The basic lessons are:

class agency; class independence; and the democratic centralist party. Lets briefly define each of these.

  • Class Agency: only the working class can lead an anti-capitalist revolution. This is because the working class produces surplus-value and can use its power to stop production. Thus workers must build workplace organisations and united unions across international borders to control production.
  • Class Independence: the working class must lead all other oppressed classes (e.g. peasants) and groups (poor, unemployed, gay etc) in the struggle for socialism without making any concessions to the bourgeoisie or other hostile classes. The united front is counter-posed to the popular front.
  • Democratic centralist Party: the working class becomes an agency for revolution only when it is led by a revolutionary vanguard party organised on a democratic centralist basis. Democratic centralism in Lenin’s view allows the party to unite theory and practice in the struggle and constantly test its program for revolution.
  • Each of these lessons/principles of Bolshevism can be applied to the anti-capitalist movement today in the following way:
  • Class Agency: Many in the anti-capitalist movement do not see capitalism as about classes. They see it as a coalition of social movements that cut across classes. (e.g. the famous reference to the Zapatistas being viewed as gay, feminist, union, indigenous, black etc depending upon which aspect is identified with by any given social movement.) This pluralist concept of oppression/social movements has be critiqued by class analysis and a coalition built based upon working class leadership.
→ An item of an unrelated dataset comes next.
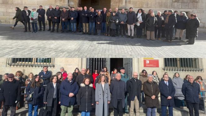 Un minuto de silencio guardado a las puertas de la Diputación de León en el que han participado las corporaciones de la institución provincial y del Ayuntamiento de León, encabezados por Gerardo Álvarez Courel y José Antonio Diez.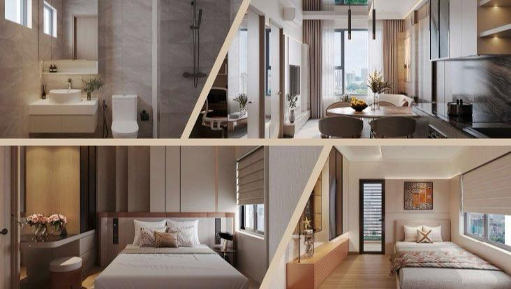 ✅ Không gian cho cả gia đình: 2 phòng ngủ riêng tư, 2 WC tiện lợi cùng khu vực phòng khách và bếp liên thông, tạo không gian sinh xã hội hoạt chung ấm cúng.

  • Class Independence: Working class independence becomes the basis for building the movement. Instead of confronting MNC capital at conventions and on the streets, workers should unite internationally to fight capitalism on the job. The target of free trade can then be replaced by the target of the MNC’s plants in a number of countries. Instead of entering popular or patriotic fronts (eg Mexico) to fight ‘free trade’ (which is only a symptom of the weakness of workers to reject low wages and conditions) international united fronts to win concessions from MNC’s in every country can be formed.
  • Democratic Centralist Party: Within the united fronts in which workers organisations take the lead, there has to be a no holds barred fight among revolutionary tendencies to create a revolutionary party on the model of the Bolshevik party. Patriotic frontists, reformists, nationalists, opportunists, ultralefts etc. have to be confronted and defeated in the struggles in the same way the Bolsheviks defeated the Mensheviks and ultralefts.
  • Turn the anti-capitalist movement into a
    Revolutionary Communist International!